カギは「12」と「7.5」

だが、象徴的に重要なだけではない。12は約数が多く、比の構成にとりわけ都合がいい。アルシナの研究を手引きに、サグラダ・ファミリアを数学的に探訪してみよう。

基本となる尺度は、12という数字と7.5メートルのモジュールだ。教会内部は奥行き90メートル(7.5×12)で、幅60メートル(7.5×8)。5列ある身廊の全幅は45メートル(7.5×6)に設定されている。

天井高は、最も高い後陣部分が75メートル(7.5×10)で、身廊と直角に交わる翼廊が60メートル(7.5×8)。中央身廊は45メートル(7.5×6)、側廊は30メートル(7.5×4)、聖歌隊席が15メートル(7.5×2)だ。

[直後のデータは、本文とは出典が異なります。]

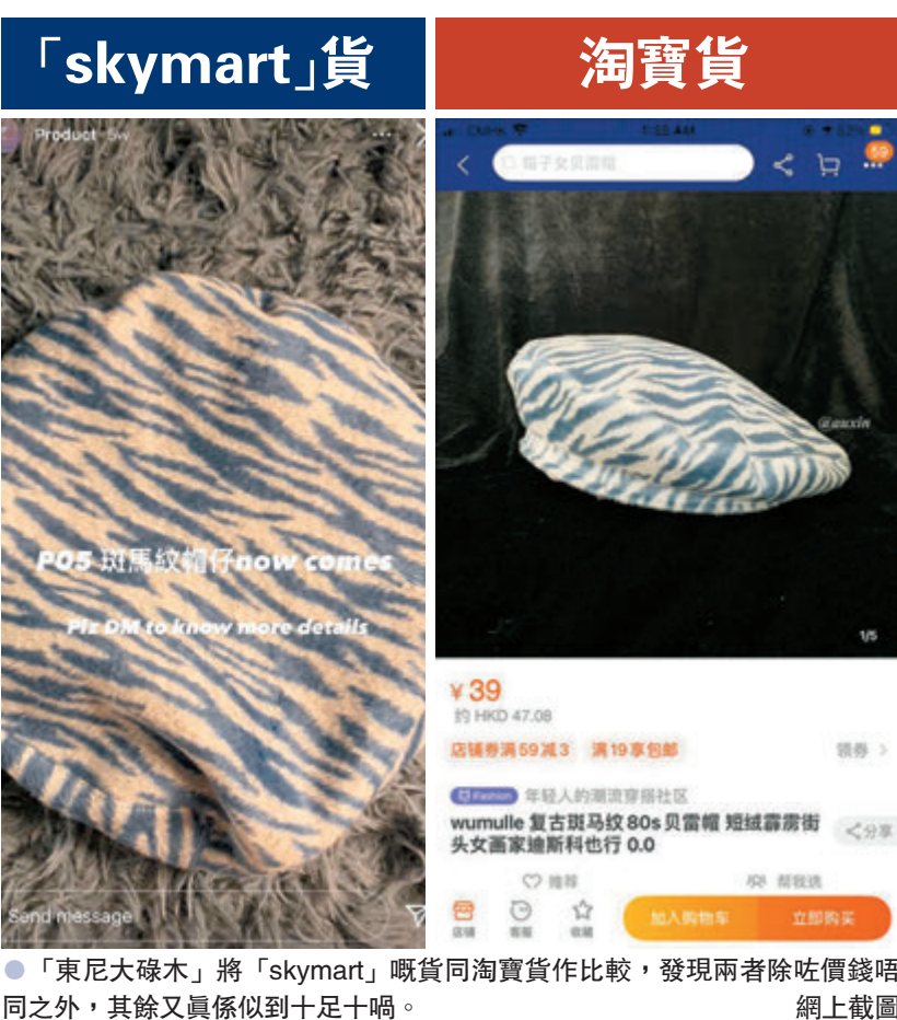
●「東尼大碌木」將「skymart」嘅貨同淘寶貨作比較，發現兩者除咗價錢唔同之外，其餘又真係似到十足十。

今時今日嘅「黃店」呢「同路人」嘅手段真係花式翻新，但相信班淨係識得分顏色嘅「蠢黃」都依然會懶理事實，繼續盲撐俾人兜落去。 ●香港文匯報記者 倪思言

この教会で最も高いのは中央にある主塔「イエスの塔」だ。172.5メートル(7.5×23)に達し、バルセロナの名所ムンジュイックの丘の標高に迫る。4本腕の立体的な十字架を冠した同塔を囲む福音書記者4人の塔は、高さ135メートル(7.5×18)だ。

その横にある「聖母マリアの塔」は高さ138メートルで、教会で2番目に高い。最上部の巨大な星形の飾りは直径7.5メートル。正12面体に12個の5角錐を取り付けた構造で12個の頂点を持つ。日中は自然光を反射し、夜間にはライトアップで輝くさまは極めて美しい。

サグラダ・ファミリアでは多面体構造も目立つ。玄関口である「栄光のファサード」の4つの塔(未完成)は頂部が正12面体、「生誕のファサード」の4つの塔は切頂8面体、「受難のファサード」の4つの塔は切頂立方体だ。

これら12の塔のうち、福音書記者にささげた塔の最上部は正20面体で、「イエスの塔」の十字架を照らし出す投光器が組み込まれている。星形多面体も各所に配置され、特に「生誕のファサード」で多用されている。